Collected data
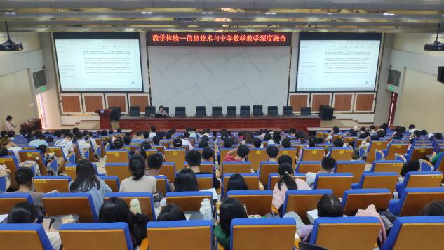 讲座上,李丽洁介绍信息技术与中学教学深度融合,结合信息技术的相关文件,从当下教育数字化出发,并向同学们介绍常用的信息化教学工具与资源,例如希沃白板、洋葱学园和空中课堂等教学工具。她强调,我们作为新时代的数学教师要将信息技术与中学数学教学融合,为使教学更加生动、高效,指出要实操课件制作与微课制作,推进信息技术与中学教学深度融合。
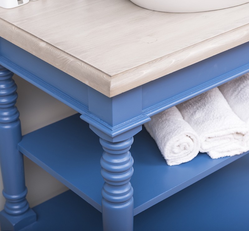 Unser Badezimmerschrank mit gedrechselten Beinen bietet klassische Eleganz und ist in verschiedenen Größen erhältlich. Wählen Sie zwischen Tischplatten aus massivem Kiefernholz, massivem Eichenholz oder verzinktem Metall.
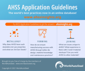 Advanced High-Strength Steel Guidelines – The leading source for technical best practices on the forming and joining of Advanced High-Strength Steels (AHSS) for vehicle manufacture is now available by WorldAutoSteel, the automotive group of the World Steel Association. The AHSS Application Guidelines Version 7.0 is now online at ahssinsights.org in a searchable database, allowing users to pinpoint information critical to successful use of these amazingly capable steels. WorldAutoSteel makes these Guidelines freely available for use to the world’s automotive community. Click here for a downloadable copy.
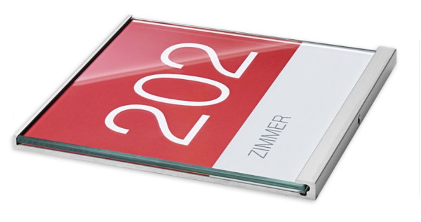 Das Türschild der Serie KRISTALLINO.w zeichnet sich durch seine einfache und flache Bauweise aus. Es besteht aus einem Aluminiumprofil, welches auf der einen Seite einen breiteren Rand als auf der anderen Seite hat. Die Texteinlage wird mit einer antireflektierenden Abdeckung aus Acrylglas geschützt. Das Schild kann sowohl waagrecht, als auch senkrecht aufgehängt werden und ist damit sehr flexibel einsetzbar.
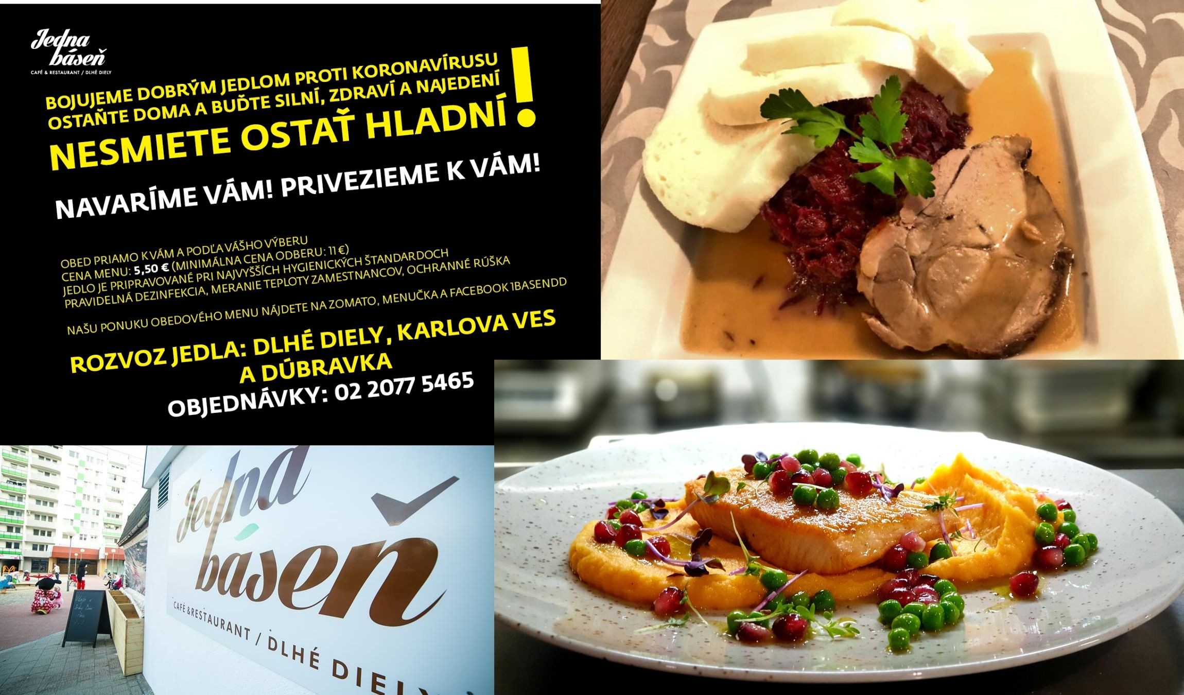Reštaurácia Jedna Báseň na Dlhých Dieloch sa rozhodla bojovať proti koronavírusu dobrým jedlom. Vyzýva ľudí, aby zostali doma a objednali si pochúťku z jej atraktívnej ponuky pred dvere. Jedlá sú pripravované pri dodržaní najvyšších hygienických štandardov. Samozrejmosťou je pravidelná dezinfekcia, ochranné rúška a meranie teploty zamestnancov. Reštaurácia ponúka 4 druhy obedového menu denne od 11.00 do 15.00 hod. a výber z 18 druhov pizze. Večerné menu je od 17.00 do 21.00, pričom taktiež sú v ponuke 4 druhy. Pri osobnom odbere je zvýhodnená cena obedového menu 4,99 € (vrátane polievky) a večerného menu 6,50 € (vrátane polievky). Rozvoz je zabezpečený v mestských častiach Karlova Ves, Dlhé Diely a Dúbravka. Pri objednávke nad 11 € je donáška zdarma. Od 17.00 hod. je v ponuke výber z klasických domácich hotových jedál aj minútiek.
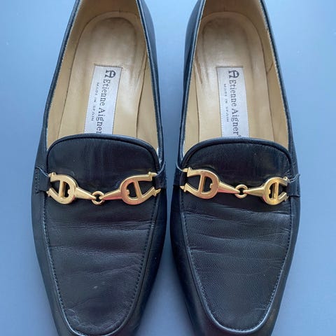 loafers og sejlersko i str. 37. Skoene er sorte med guldfarvet kædedetalje over vristen og lav hæl. Klassisk slip-on model, velegnet til hverdagsbrug eller kontorbrug. Materiale fremstår som glat, skinnende overflade. Indvendig sål og for er i en brunlig tone. Skoene har lukket tå og hæl og en fast gummisål med mønster for bedre fodfæste.

Exercise description
Write out exactly the opening lines of the data, stopping after the line that holds "Unser Badezimmerschrank mit". Exclude pictures.

Expected output
 讲座上,李丽洁介绍信息技术与中学教学深度融合,结合信息技术的相关文件,从当下教育数字化出发,并向同学们介绍常用的信息化教学工具与资源,例如希沃白板、洋葱学园和空中课堂等教学工具。她强调,我们作为新时代的数学教师要将信息技术与中学数学教学融合,为使教学更加生动、高效,指出要实操课件制作与微课制作,推进信息技术与中学教学深度融合。
 Unser Badezimmerschrank mit gedrechselten Beinen bietet klassische Eleganz und ist in verschiedenen Größen erhältlich. Wählen Sie zwischen Tischplatten aus massivem Kiefernholz, massivem Eichenholz oder verzinktem Metall.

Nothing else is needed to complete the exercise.